Third, “the magnitude of any difference in the impact of rules on members of different races or ethnic groups is also an important factor to consider.” However, all voting rules will have some “predictable turnout differences”, no matter how neutral they are. “Simple fact [that] Some differences in impact do not necessarily mean that the system is not equally open. The most important thing is that “very small differences should not be artificially enlarged. In view of almost all the regulations concerning registration and voting, the differences between different groups of voters are very small, which also dealt a heavy blow to the challengers.

Fourth, the court “must consider the opportunities provided by the entire voting system of a country when assessing the burden imposed by the challenged clause.” This means that “if a state offers multiple ways to vote, it is impossible to assess any burden on voters who choose one of the available options without considering other available methods.” Because states now provide individuals with many different ways to vote , From early voting to absentee voting, to actually voting in the old-fashioned way—on election day—challenging a specific change in one of these methods will be difficult to maintain.

Finally, “the power of the national interest served by the questioned voting rules is also an important factor that must be considered.” Undoubtedly to the frustration of opponents of electoral reform, the court believes that “a strong and completely legitimate national interest is to prevent fraud.” , Because it can change evenly matched election results, dilute the votes of qualified citizens, and “undermine the public’s confidence in the fairness of the election and the legitimacy of the announced results.” Most importantly, states do not have to show evidence. Past Fraud to justify legislative actions aimed at preventing future Crime of fraud.
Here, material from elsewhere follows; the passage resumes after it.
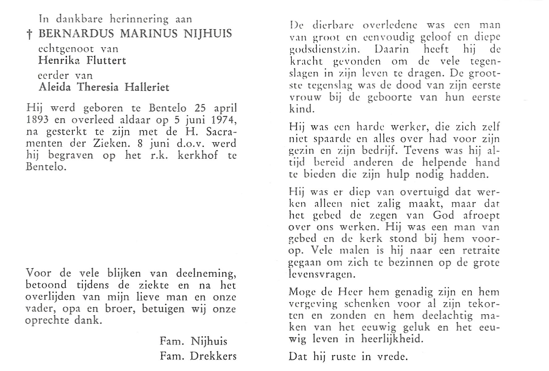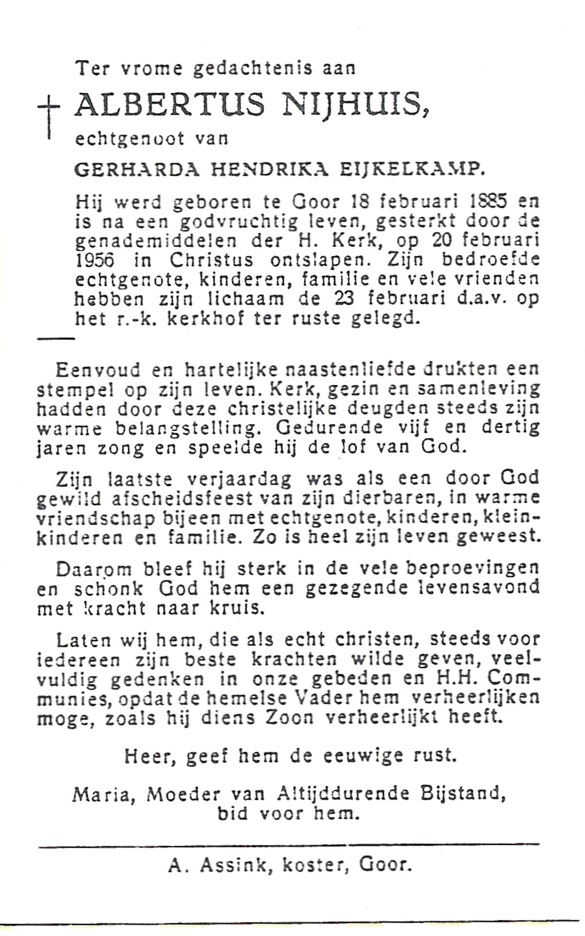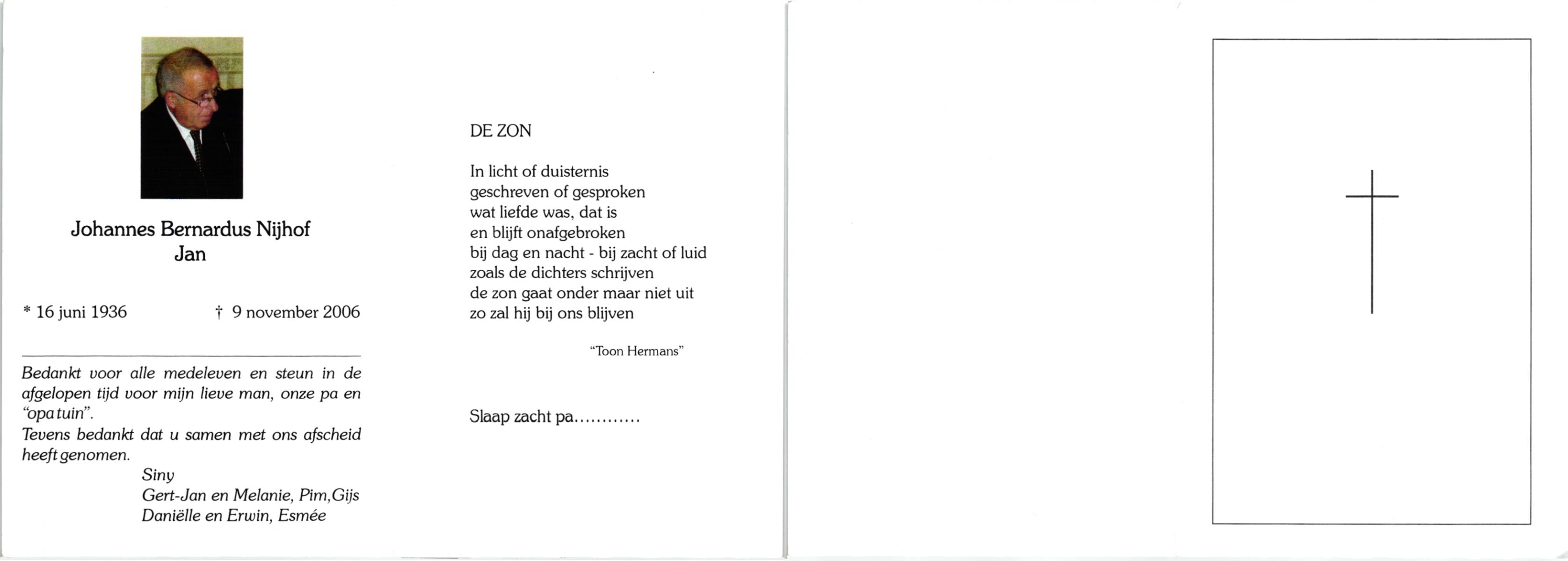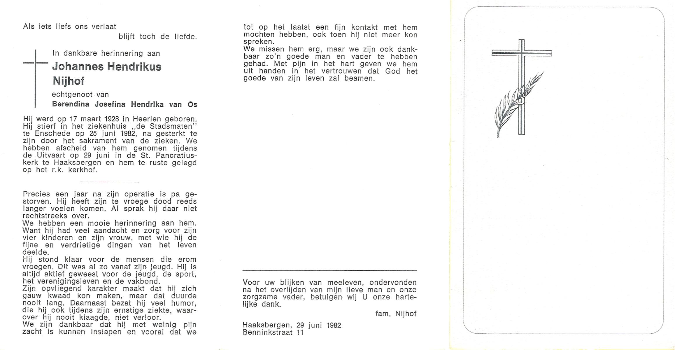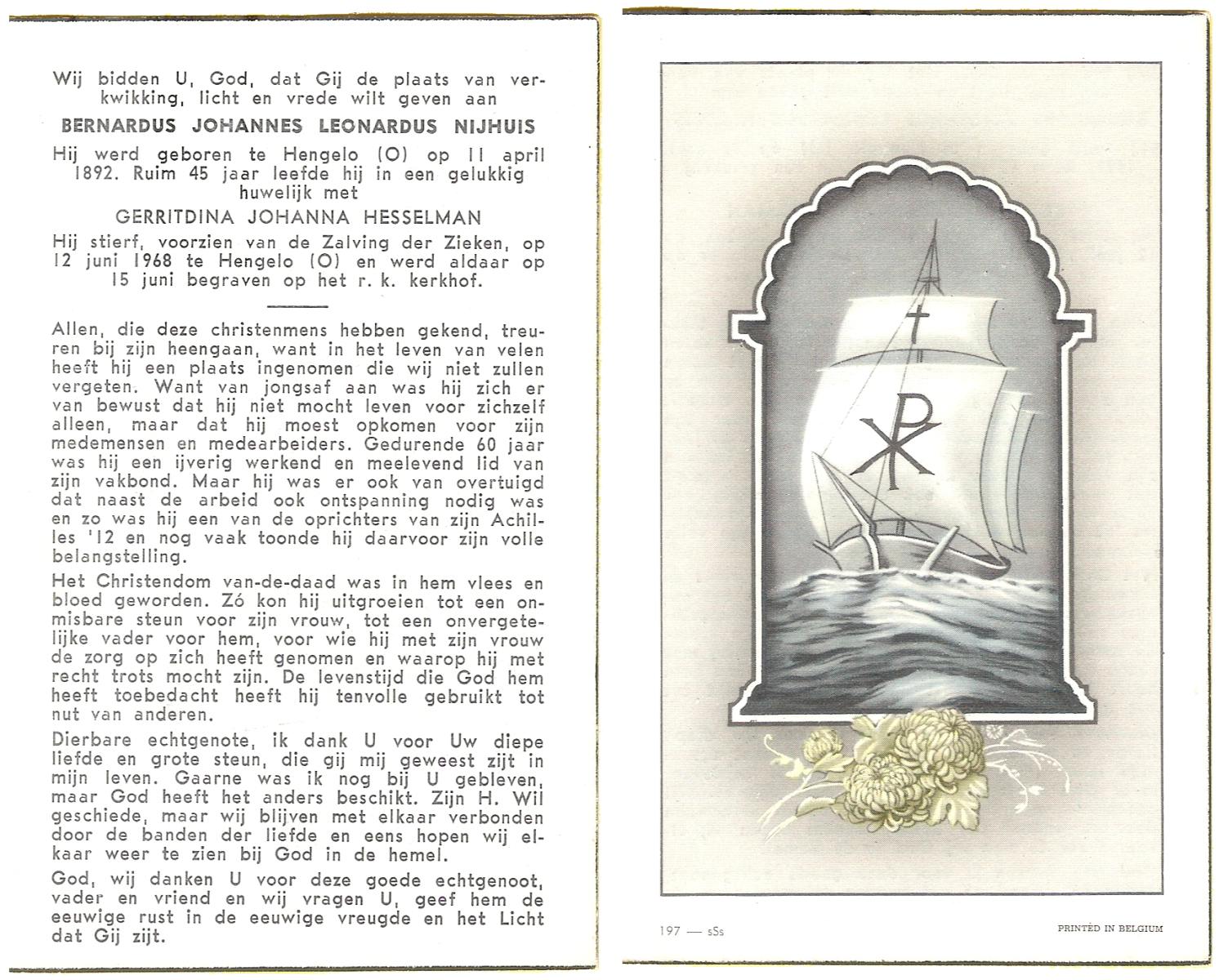 NIJHUIS, Johannes Hendrikus Bernardus, geboren op 8-6-1908 te Enschede, overleden op 8-12-1971 op 63-jarige leeftijd, begraven op 11-12-1971 te Losser.

As practitioners in this field know, Ginger The case outlines other factors to be considered in the voting dilution analysis in Section 2. The court stated that in cases such as these, these other factors “have little effect” Brnovic, In fact, some “obviously do not apply to cases involving the questioning of the time, place, or method of facial neutral voting rules.”

Most people are critical of the different impact analyses that dissidents say should be applied to these types of Section 2 cases. Alito said that the dissidents “struggled to conceal their goals,” which was to “reverse as far as possible the compromise reached between the House of Representatives and the Senate when Article 2 was amended in 1982.” The compromise added the language of Article 2(b) to make it clear Avoid interpreting and applying this clause as only requiring the display of different effects or effects to prove violations.

Most people are correct when it comes to how to apply Section 2 in these types of cases. It will still be an effective tool to prevent actual racial discrimination in the voting environment, but it will not be what the critics of the decision want-a partisan tool that can be used to prevent public policy decisions that they disagree with in the way of personal registration. Vote in a specific state.